Holy shit, this made me realize I have *tremendous* room for improvement in my data visualizations https://stackoverflow.blog/2022/03/03/stop-aggregating-away-the-signal-in-your-data/
Stop aggregating away the signal in your data - Stack Overflow

@alexkyllo Fantastic. Thanks for sharing. 🙌🏻
@alexkyllo fantastic post. This is my kind of #DataViz . “Embrace the complexity of your data.” Thanks Alex.
@brohrer @alexkyllo Agreed. I'm only halfway through and already I feel like I'm learning an entirely new approach to take. Also can't wait to learn how to work w the tools they used to make these visuals.
@austin_bradley @brohrer Observable Plot looks really interesting, though I'm confident one could make plots of similar quality with ggplot2. On the message of the piece, I've long been in a "simplify as much as possible" mindset--aggregating the data to the point that the analysis is just simple comparisons between two to several groups--and this really challenges me on that.
@austin_bradley @brohrer I found the article in a link from this site, which also challenges my approach of using stock standard generalized linear models for everything, and recommends defaulting to using splines and nonparametric smoothers, and *never* discretizing data with quantiles or presenting it in tables (!!) https://hbiostat.org/rflow/analysis.html

@alexkyllo @austin_bradley oh wow, so many gems here.
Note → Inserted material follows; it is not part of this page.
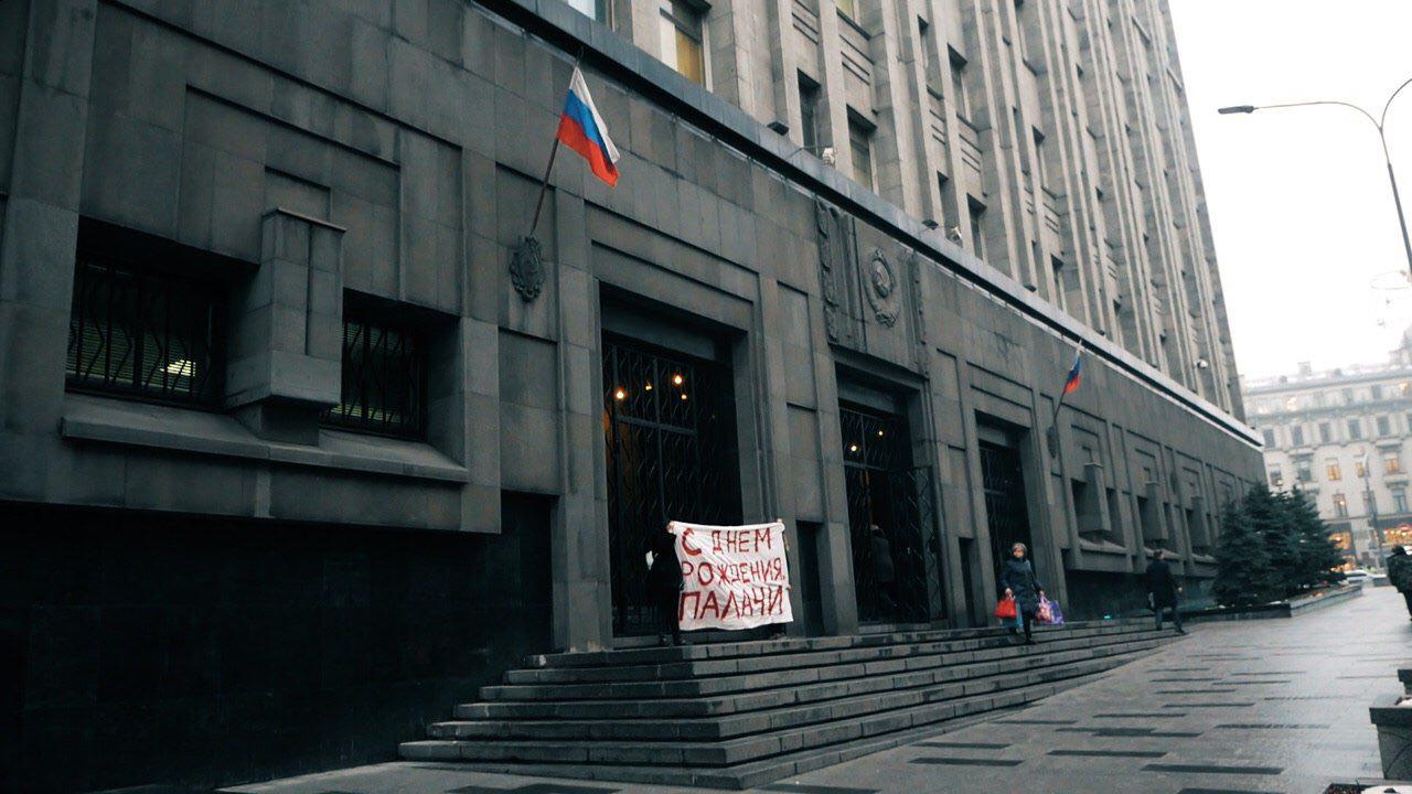 Марию Алехину и двух фотографов, задержанных из-за баннера «С днем рождения, палачи!», оставляют на ночь в ОВД

I’ve always had the best best luck keeping as close to the raw data as possible, making as few aggregations and modeling simplifications as I can get away with.

Sometimes it’s necessary to collapse it in order to communicate it. And once you have a story, you can aggregate the hell out of it to streamline your storyline. But for me aggregation and modeling is mostly a necessary evil.
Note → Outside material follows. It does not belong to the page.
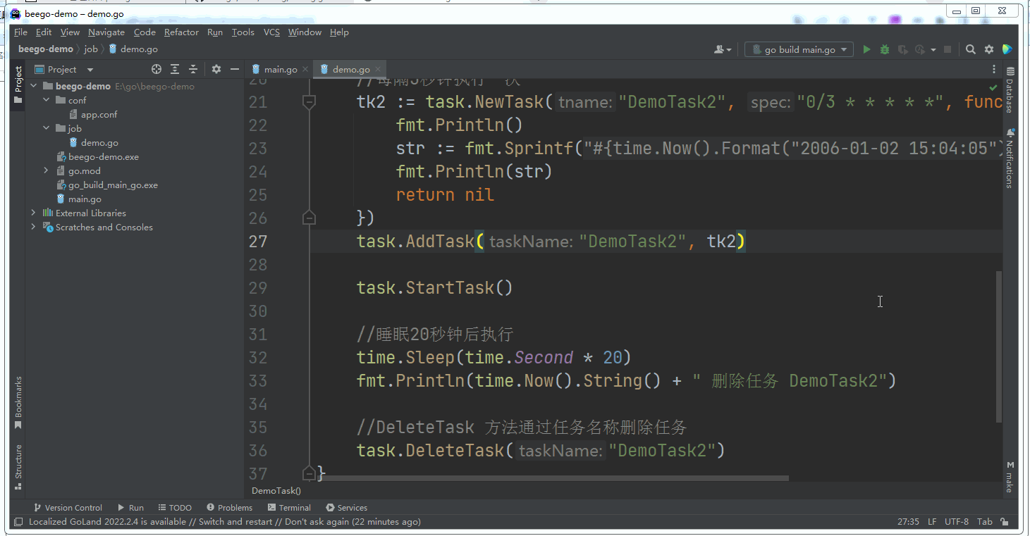 fmt.Println(time.Now().String() + " 删除任务 DemoTask2")

@brohrer @austin_bradley I never really even understood what something like LOESS was useful for, but now I see how it fits into EDA. I think I need to go read RMS now, I've seen so much good stuff from Harrell on Cross Validated and Twitter

@alexkyllo @brohrer @austin_bradley Ok! The finding out what LOESS is useful for serious made me decide to read all linked material tonight 😃.

Thanks for sharing! Can't wait 😊

@alexkyllo I skimmed this as I've spent nearly a decade visualizing time series data. It looks like a wonderful article. I'll add it to my list to take a deeper dive into tomorrow when my brain can properly digest it. Thanks for sharing.
@jerodwaldman If you have any other content you like on this topic I'd love to see it!
@alexkyllo Makes me think of this comic by the awesome @allison_horst
@alexkyllo I noticed a lot of the examples used Observable Plot (https://observablehq.com/@observablehq/plot), a JavaScript library, for the visualisations. I was thinking of playing with some very similar visualisations of Energy trading related time series this weekend. Would you recommend that library as an easy one to get started with quickly? Any other good ways to do some quick hacking with #visualisation?
Observable Plot

Observable Plot is a free, open-source JavaScript library to help you quickly visualize tabular data. It has a concise and (hopefully) memorable API to foster fluency — and plenty of examples to learn from and copy-paste. In the spirit of show don’t tell, below is a scatterplot of the height and weight of Olympic athletes (sourced from Matt Riggott), constructed using a dot mark. We assign columns of data (such as weight) to visual properties (such as the dot’s x), and Plot infers the rest. You can configur

Observable
@stevie I haven't used Observable Plot myself yet. I like to use ggplot2 in R and plotnine in Python. Plotly sometimes, for interactive stuff.
@alexkyllo Thanks - I’ve never done anything in R but I’m happy in Python. I’d probably use that to parse these spreadsheets I have anyway. I’ll take a look at plotnine.